Сеанс массового гипноза
Сеанс массового гипноза
…Это было в августе 1972 года. В Майами-бич проходил предвыборный съезд республиканской партии. Стояла неимоверная жара. Атлантический океан не освежал, и редкие купальщики напоминали выброшенных на берег рыб, хватающих последние глотки ускользающего воздуха. На улицах курортного города не было никого, кроме демонстрантов и полиции. Отдыхающие попрятались под тенты кафе и гостиничных веранд, поглощая в неимоверных количествах мороженое и прохладительные напитки, а делегаты съезда, политические лоббисты и представители прессы предпочитали коротать время в гигантских холлах фешенебельных отелей, где исправно работавшие могучие кондиционеры создавали искусственные оазисы умеренной температуры.

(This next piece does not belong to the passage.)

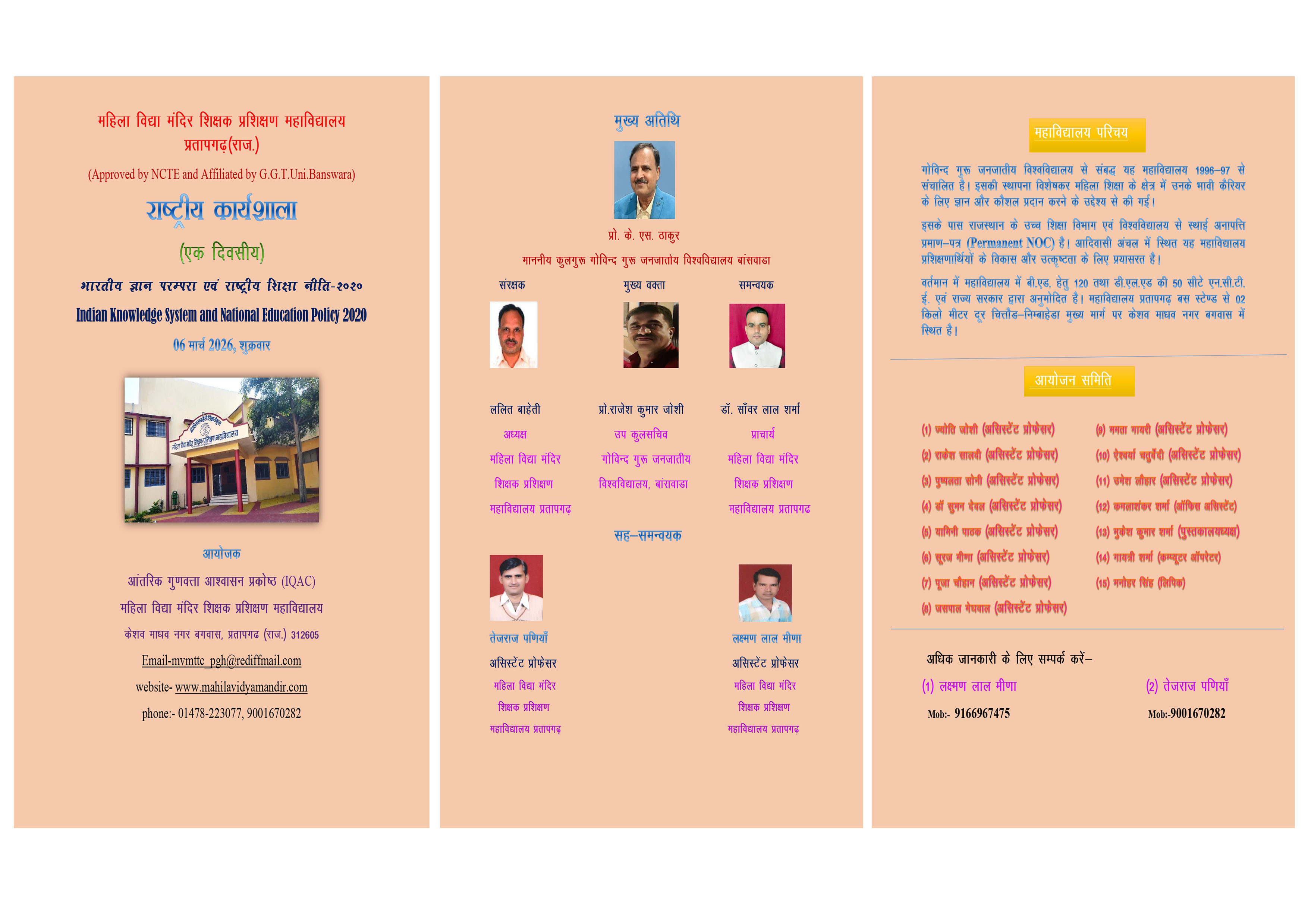 | A one-day workshop on "Indian Knowledge System and National Education Policy 2020" is being organized at the college on 06/03/2026. The chief guest will be the Honorable Vice Chancellor, Prof. K.S. Thakur and the keynote speaker will be Prof. Rajesh Kumar Joshi, Govind Guru Tribal University, Banswara. The program's patron will be Mr. Lalit Bahti, President and Principal of Mahila V |

Владельцы отелей, стремясь привлечь клиентуру, рекламировали «по сезону» не столько прелести гостиничного комфорта или мастерство шеф-поваров, сколько исправность и мощь кондиционных установок. Помню, как на фронтоне одного из отелей красовался гигантский неоновый термометр, соблазнительно указующий прохладу, царившую в его чертогах. А она была тем более необходима, что к жаре климатической приплюсовывался накал политических страстей — дебаты, интриги, сделки, шоу.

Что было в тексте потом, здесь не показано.